Ja – Znaczy masz konkurencję.
Ziuta – Wiesz… same emerytki, rencistki i matki z dzieckiem…
Ja – I ty jedna samotna i piękna…
Rechot przeciągły.
Ja – A tak a propos to co tam u Doktorka?
Ziuta – A nic. Chudy, blady, niewymowny.
Ja – I klatę jak zapadnięty tapczan ma?
Ziuta – Ma.
Ja – Fałszuje przy goleniu?
Ziuta – Jak złoto.
Ja – I beka przez sen?
Ziuta – Żeby tylko.
Ja – To co ty w nim widzisz?
Ziuta – Jak to co? Pieniądze oczywiście.
Ja – Pieniądze? Ja myślałam żeś po prostu kochliwa.
Ziuta – A czy to przeszkadza mi być fantastką?

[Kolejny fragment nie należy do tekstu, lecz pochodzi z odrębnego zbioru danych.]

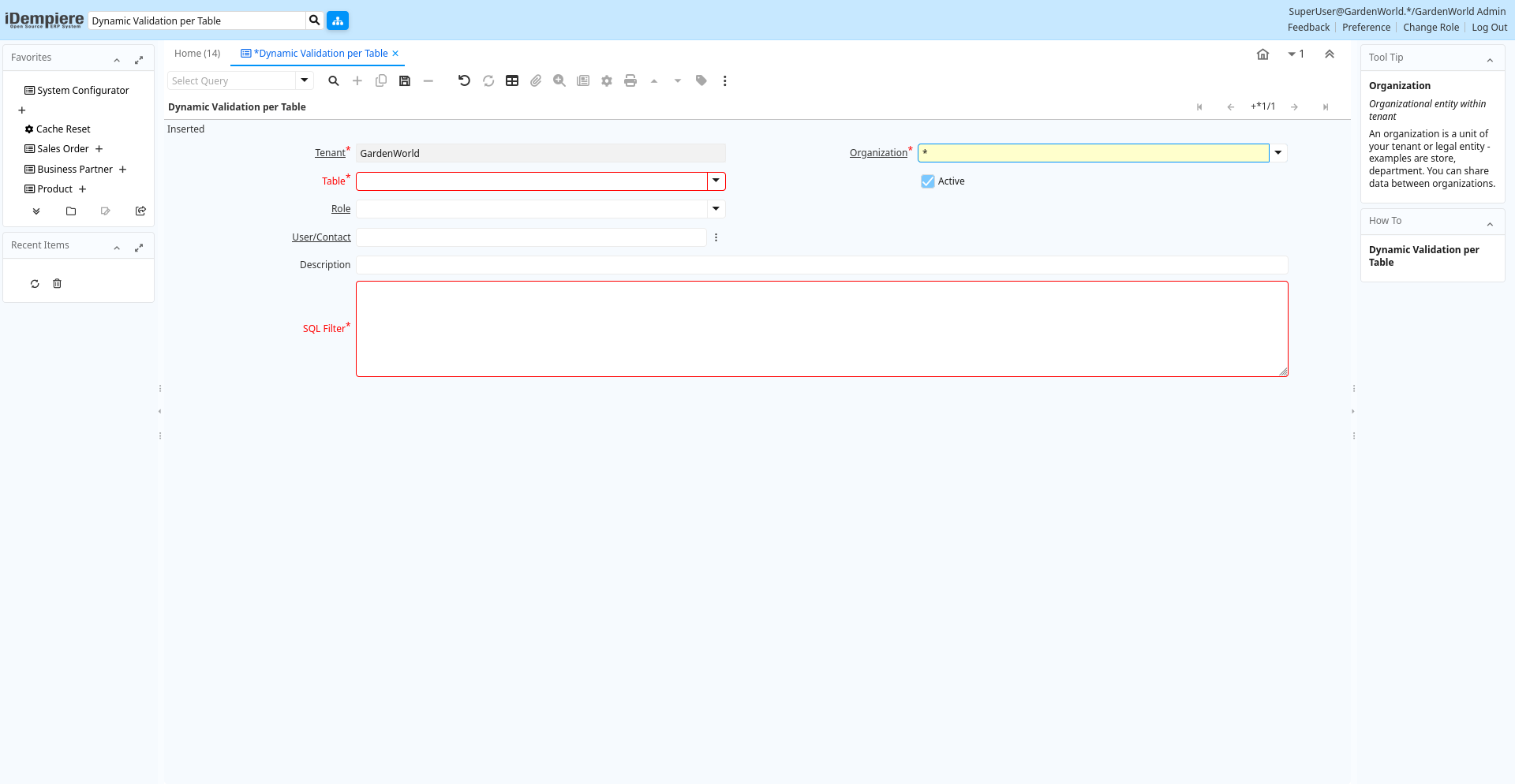 | Tenant | Tenant for this installation. | A Tenant is a company or a legal entity. You cannot share data between Tenants. | ad_tablevalrule.AD_Client_ID numeric(10) Search |

Fantastką Ziuta faktycznie być musi gdyż ponieważ albowiem Doktorek nie dość, że przyszły to jeszcze goły w kwestiach materialnych jest bardziej niż obnażone torsy robotników zza ziutowego okna. Ale widziałam ich razem (nie robotników tylko Ziutków), gdy przyszła się pożegnać. To taka miłość… no taka wręcz namacalna. Taka, o której czyta się w książkach i w zamyśleniu głaszcze kartki, albo krawędzie kubków z herbatą, albo ust. I uśmiecha leciutko pod nosem. I cieszę się, że pognała na ten drugi koniec Polski, że miała odwagę i podjęła to ryzyko. Za każdym razem gdy z Nią rozmawiam słyszę, że było warto. Między słowami jest tyle ciepła ile zawsze życzyłam jej przy każdym zdmuchiwaniu coraz to liczniejszych świeczek. A może nawet jeszcze więcej. Pewnie, że mi czasem smutno, bo wiem, że za chwilę wyjadą razem jeszcze dalej i na stałe, i jak dotychczas widywałyśmy się raz do roku, to teraz nie będziemy wcale, ale przede wszystkim się cieszę. W końcu znalazła tę swoją laf i choćby był najbardziej chudy, blady i niewymowny, to jest zakochana. Z wzajemnością. I takich rozmów przez telefon życzyłabym sobie więcej. Nie tylko z Ziutą 🙂
Przypomniało mi się, jak rzuciłam wszystko i pojechałam… nie z jednego końca Polski na drugi, ale z Krakowa do Warszawy.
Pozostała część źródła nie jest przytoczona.